Similar to Europe's period of austerity, “the real cost of the debt won’t be a financial crisis but it’ll lead to many years of struggling to allocate the cost of that debt,” said Michael Pettis, a finance professor at Peking University.

Officially, China’s 31 provincial governments owe around $5.1 trillion, including bonds held by local and foreign investors. However, those figures don’t include a variety of off-balance-sheet debts typically raised through so-called local government financing vehicles, which have proliferated in recent years to fund infrastructure and other spending obligations. The debts from those vehicles are expected to reach nearly $10 trillion this year, according to the International Monetary Fund.

As the WSJ puts it in context, the debt from those vehicles is more than the combined government debt of Germany, France and Italy as of the third quarter of 2022.

Interest on the debts crowds out other spending. The Rhodium Group research found that interest costs accounted for at least a fifth of fiscal resources in 25 Chinese cities in 2021. Anything over 10% — the case in more than 100 cities—leads to “meaningful constraints,” Rhodium said.     

As discussed before, local governments’ debt problems have been building since the global financial crisis. Many became addicted to launching projects—which juiced growth—and selling land and borrowing more to pay for all of it. In addition, China’s local governments must shoulder most of the costs of services such as public education and healthcare. Beijing restricts how they can raise money, compelling them to send most of what they collect in taxes to the central government, while limiting what they can borrow.

Zhengzhou, with nearly 13 million residents, has healthier finances than many other cities. Its streets are vibrant, with residents crowding eateries. Yet in the past three years, Zhengzhou’s fiscal revenue dropped by 14% on average each year while total debt grew by 14% annually. Its debt-to-fiscal income ratio rose to 178% in 2022, from 75% in 2019.

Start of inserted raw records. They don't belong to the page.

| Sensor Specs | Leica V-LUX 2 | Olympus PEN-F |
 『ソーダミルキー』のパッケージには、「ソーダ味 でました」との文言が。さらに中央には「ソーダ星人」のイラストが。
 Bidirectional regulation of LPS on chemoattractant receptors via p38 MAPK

Another street sweeper told The Wall Street Journal he hasn’t been paid by his company, also a city contractor, since he joined nearly two months ago. Another two months’ worth of salary remains unpaid from his last job, at a local sanitation department. He said he was told the district government hasn’t sent his company the money to pay his salary, equivalent to around $370 a month.

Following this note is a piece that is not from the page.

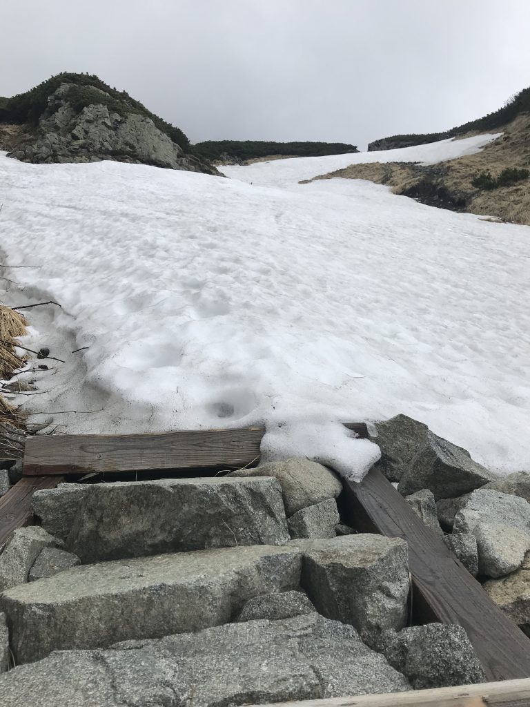 登り下りした感想は、少しでも不安に思ったら迷わずアイゼンピッケルを装備してください。と、いう事です。正直、雪渓と次の雪渓までは距離も長く、毎回脱いだり履いたりすることは億劫で、ついつい楽な方を選択してしまいがちですが、その結果、足を滑らせるかもしれないと考えると、必ず安全な選択をしてほしいと強く思いました。

“Sooner or later they’ll have to pay me,” he said as he kept picking up discarded tissue paper and dried leaves. He relies on his son, a truck driver, to assist him financially, he said.

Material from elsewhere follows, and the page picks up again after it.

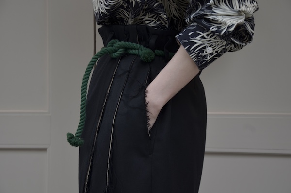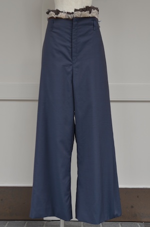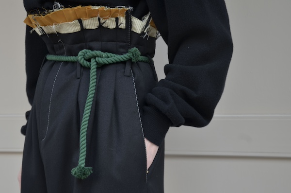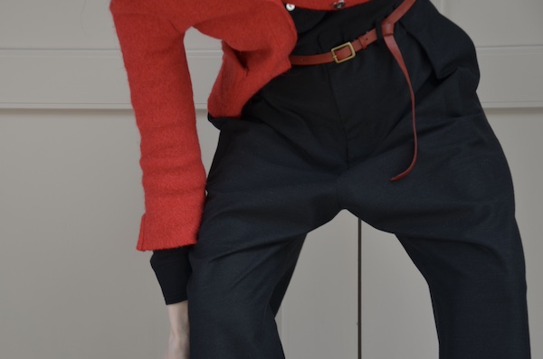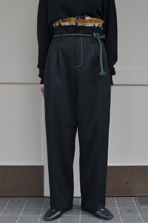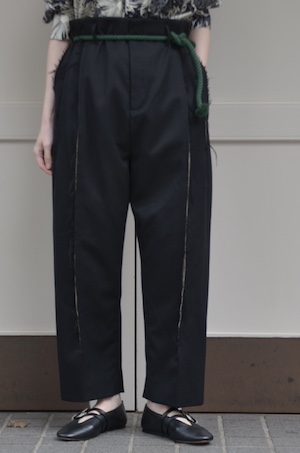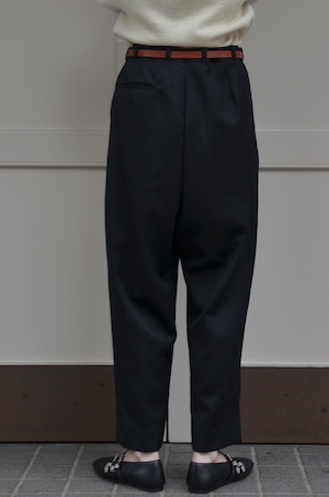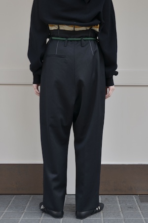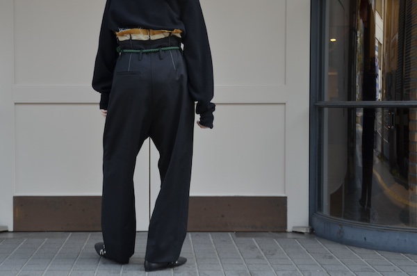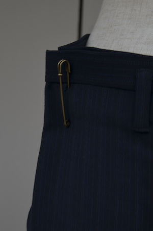 彼自身が手作業でカットするウエストのディテールがよりいきるよう、ベルトループは低めに配置。しっかりと縫い付けられた高さのあるプリーツにより、ハイウエストでもローウエストでもシルエットを保つように作られています。

In late February, a bus company in Shangqiu, a city about two hours’ drive from Zhengzhou with around 7 million residents, said it would suspend bus service starting March 1 due to a “lack of sufficient fiscal support” along with other factors. The decision was retracted after Shangqiu’s government apologized for “negative social impact.”

Similar scenarios have played out in at least three other cities, according to local media. 

While some analysts believe the odds of a financial system meltdown are low, stress could spread if more local borrowers struggle to repay loans on time. In December, Zunyi Road and Bridge Engineering Construction Group, a local government financing vehicle based in Guizhou, one of China’s most indebted provinces, struck a deal with banks to get another 20 years to repay loans worth more than $2 billion. The deal raised fears that other banks could have to bear restructuring costs.

At the end of the day, the concern is that Beijing is unwilling to make changes that could put local government finances on a more stable footing, such as implementing a property tax to raise more funds, because doing so would be politically unpopular and could undermine central authorities’ control over localities. It would also lead to even more social upheaval and protests: the one thing Beijing is truly scared of.